Meles' grandchild was in Bransk. His name was actually Mele. The boy would also rent himself out to work in the place of others. He was hiding at Shloymeh Ephraim the maker of kvass[3] who was from Symyatitch. The Judenrat decided that Mele should go to work for them, for the protection without money. He is taken to work without payment. Shloymeh Ephraim begs to have the boy earn some money for a pair of shoes. He goes about barefoot. He is a quiet boy, a decent boy. He asks for pity from Finklshteyn. They put him in jail and he received only 50 lashes. The Jewish policemen were those administering the beating. They were always drunk, with no human feelings.

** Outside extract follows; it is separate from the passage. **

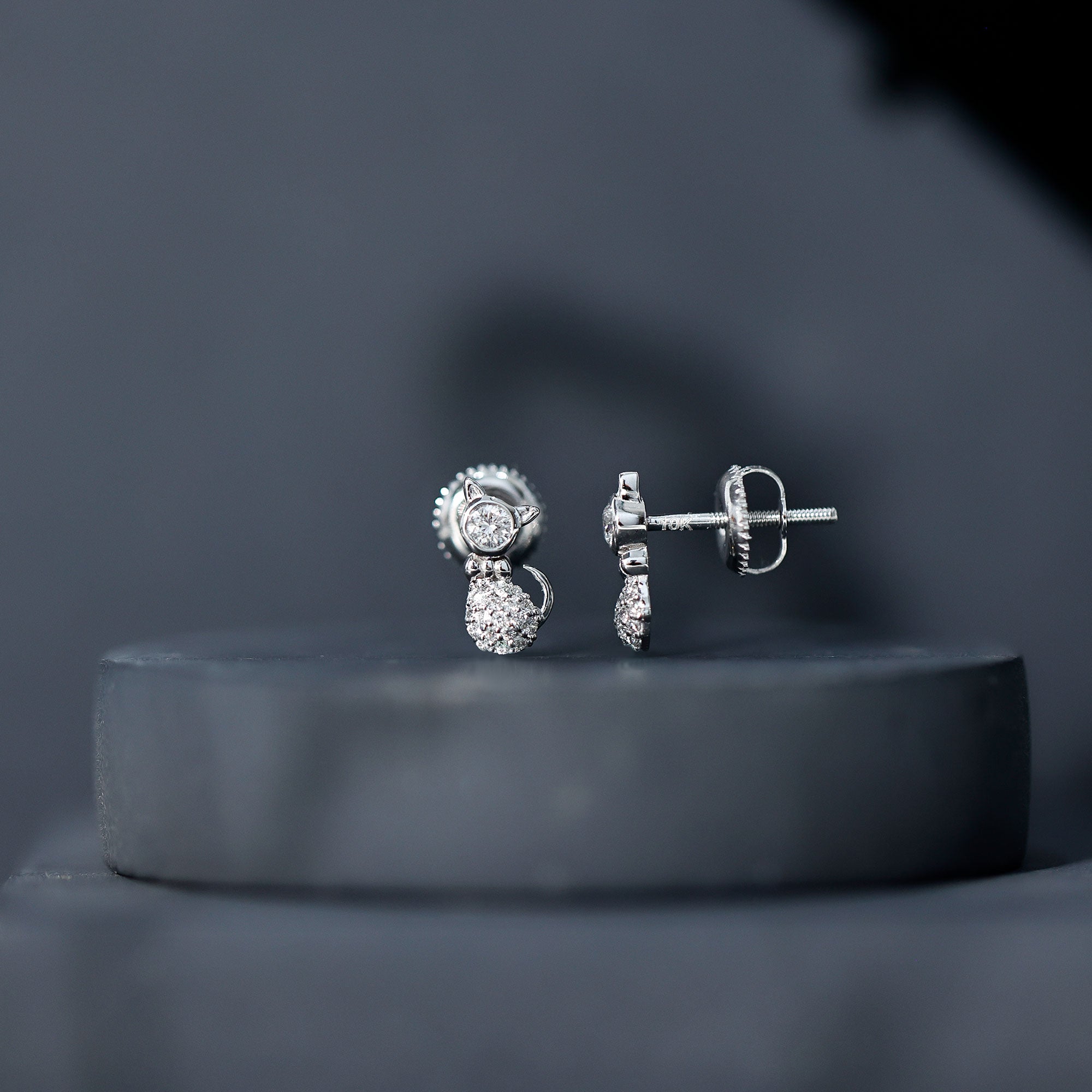 Certified Diamond Cat Kitty Earrings

It was even worse when the forced labor workers were sent to other places. Where they simply died of hunger. The Judenrat was supposed to supply food for these workers. However it did not do this. The money was spent for enjoyment in the ghetto taverns. They had money for this purpose but no money for the poor who worked in Pyetkeve at the fish pond in the cold water up to their necks. Nobody worried about them because who were they, not one of their own. Such a boy did indeed perish, the Vishinker ritual slaughterer's fine boy, who could not endure the cold and hunger. His parents could not send him any food. They had 9 children. He had no income from slaughtering work in the ghetto.

There is another order that they need workers in Lapy, at the railway line. It was known that going to Lapy meant starving in Lapy. The work there consisted of two people having to carry a rail. Two people must fill a wagon in 20 minutes, and digging a canal without food with truncheons hovering over their heads. This is what Lapy meant. Whom did they send to Lapy? They sent the very same sort of people that my (Alter Trus) son, Nakhman, experienced there, where they promised to make an exchange in four weeks and to send food every week for those who were working in Lapy.

[Page 262]

Regretfully, they forgot about them. When the time came to send the workers all the Jewish policemen ran to the houses, chasing: “Faster, faster!”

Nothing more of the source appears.